> **Data below**

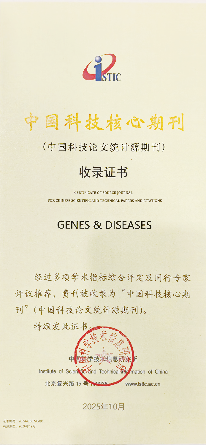 Genes & Diseases作为聚焦分子生物学与转化医学的生物医学综合性英文科技期刊,已被SCIE、Scopus、PMC、DOAJ、CAS、CA、OAJ、WJCI、中国科学引文数据库(CSCD核心库)等权威数据库收录,在Genetics & Heredity学科排名第7位,位列前3.7%;在Biochemistry & Molecular Biology学科全球排名第27位,位列前8.5%,已具有较高的国际学术影响力。连续获得国家级重大期刊专项——中国科技期刊卓越行动计划高起点新刊项目和二期英文梯队期刊项目。该刊蝉联“中国最具国际影响力学术期刊Top5%”,历获“中国高校杰出科技期刊”等荣誉,正向建设世界一流科技期刊的目标稳步前行。
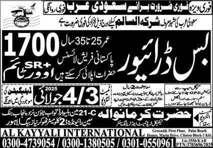Hazrat Karmanwala Technical Trade Test & Training Center Dammam, taif Saudi Arabia invites applications from eligible candidates for the post of bus driver, htv driver and driver as per advertisement of July 3, 2025 published in daily Express Newspaper. Preferred Education is Matric and Intermediate etc.
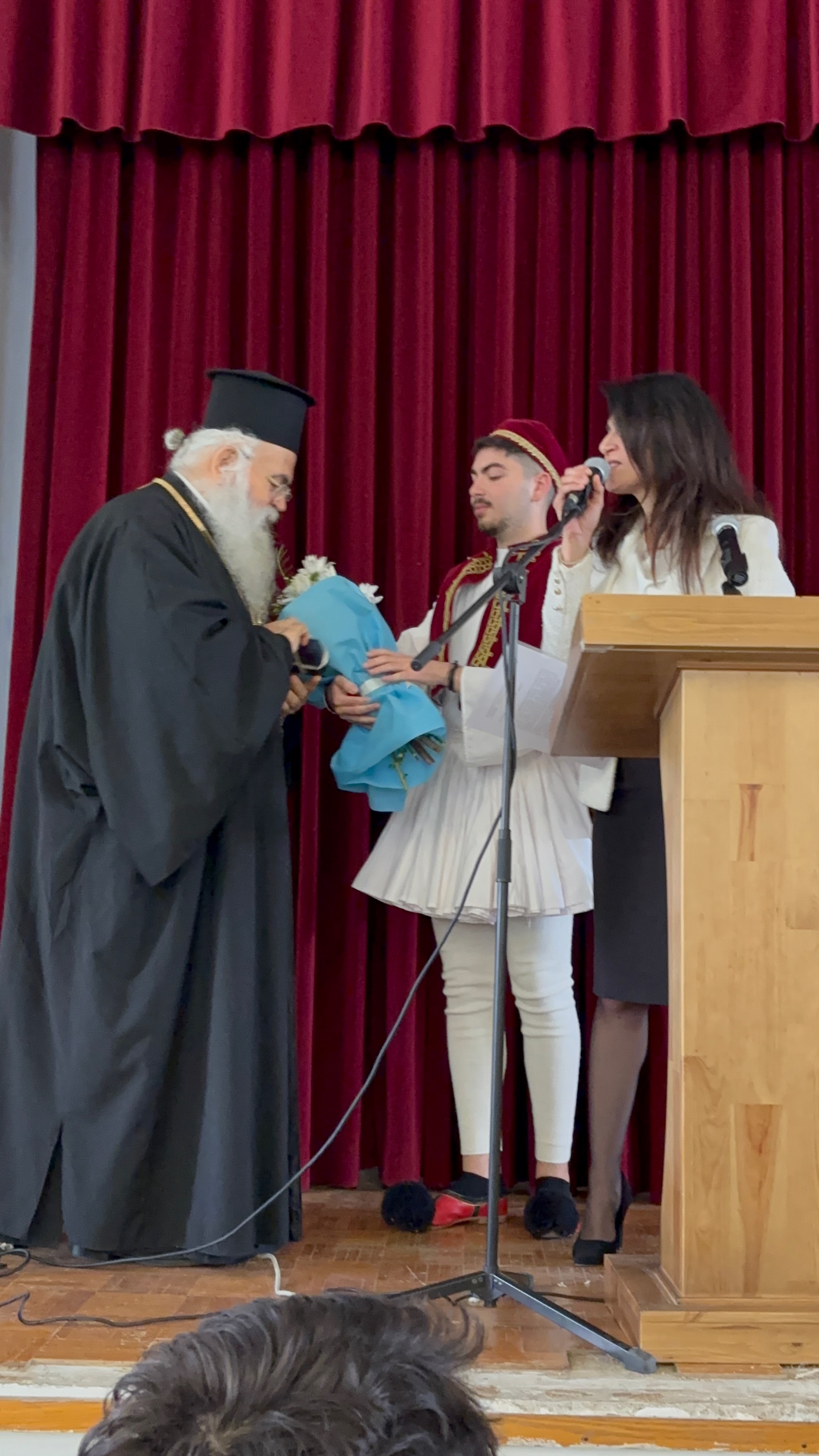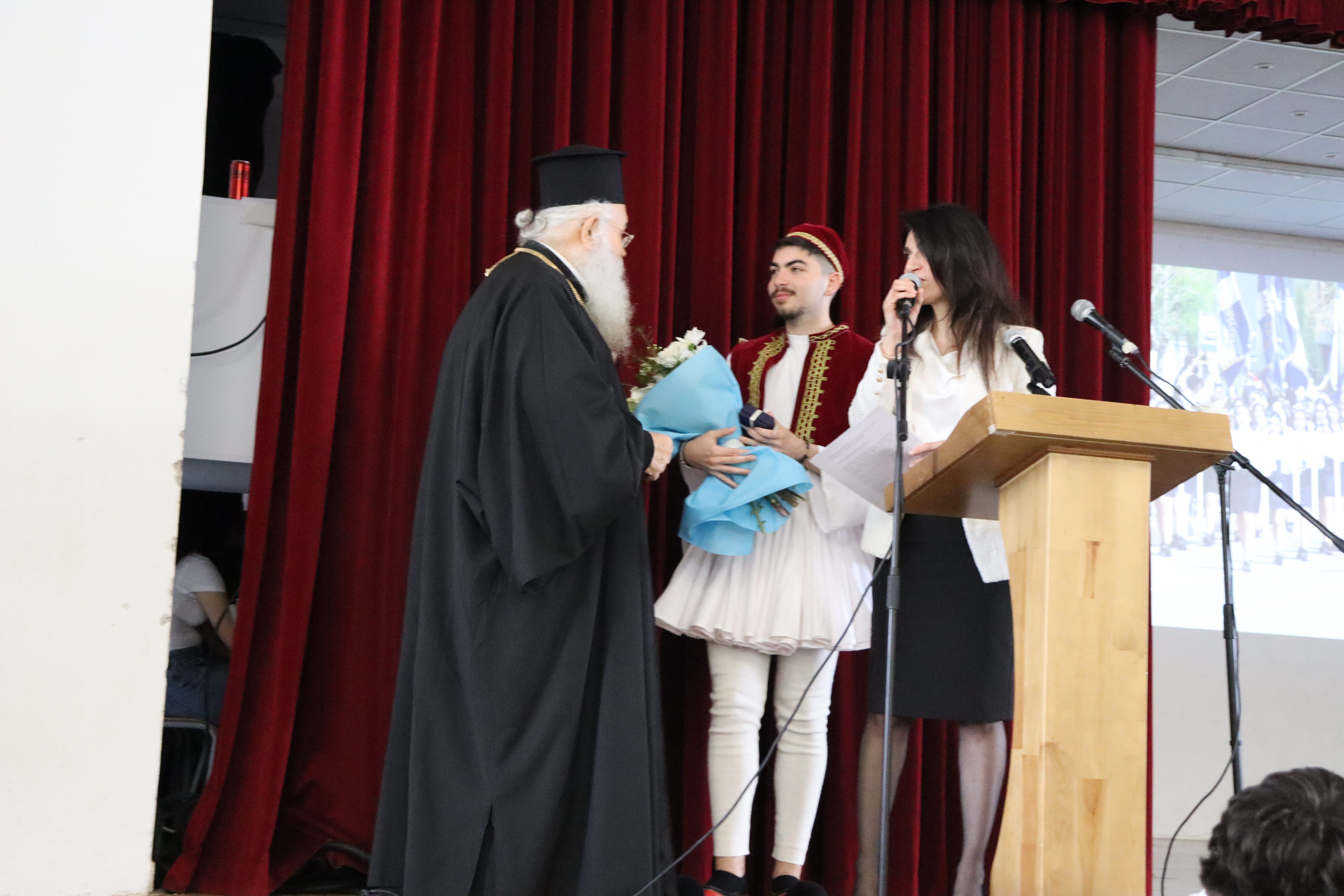 Ο Μακαριώτατος παρακολούθησε την όμορφη εκδήλωση που ετοίμασαν με επιμέλεια οι εκπαιδευτικοί και οι μαθητές/μαθήτριες του σχολείου μας και, στο τέλος, απηύθυνε θερμό χαιρετισμό προς τη σχολική κοινότητα.

> **Requirement**
Up to and including the line with "Hazrat Karmanwala Technical", copy the data above from its first line. Skip pictures.

> **Task result**
 Genes & Diseases作为聚焦分子生物学与转化医学的生物医学综合性英文科技期刊,已被SCIE、Scopus、PMC、DOAJ、CAS、CA、OAJ、WJCI、中国科学引文数据库(CSCD核心库)等权威数据库收录,在Genetics & Heredity学科排名第7位,位列前3.7%;在Biochemistry & Molecular Biology学科全球排名第27位,位列前8.5%,已具有较高的国际学术影响力。连续获得国家级重大期刊专项——中国科技期刊卓越行动计划高起点新刊项目和二期英文梯队期刊项目。该刊蝉联“中国最具国际影响力学术期刊Top5%”,历获“中国高校杰出科技期刊”等荣誉,正向建设世界一流科技期刊的目标稳步前行。
Hazrat Karmanwala Technical Trade Test & Training Center Dammam, taif Saudi Arabia invites applications from eligible candidates for the post of bus driver, htv driver and driver as per advertisement of July 3, 2025 published in daily Express Newspaper. Preferred Education is Matric and Intermediate etc.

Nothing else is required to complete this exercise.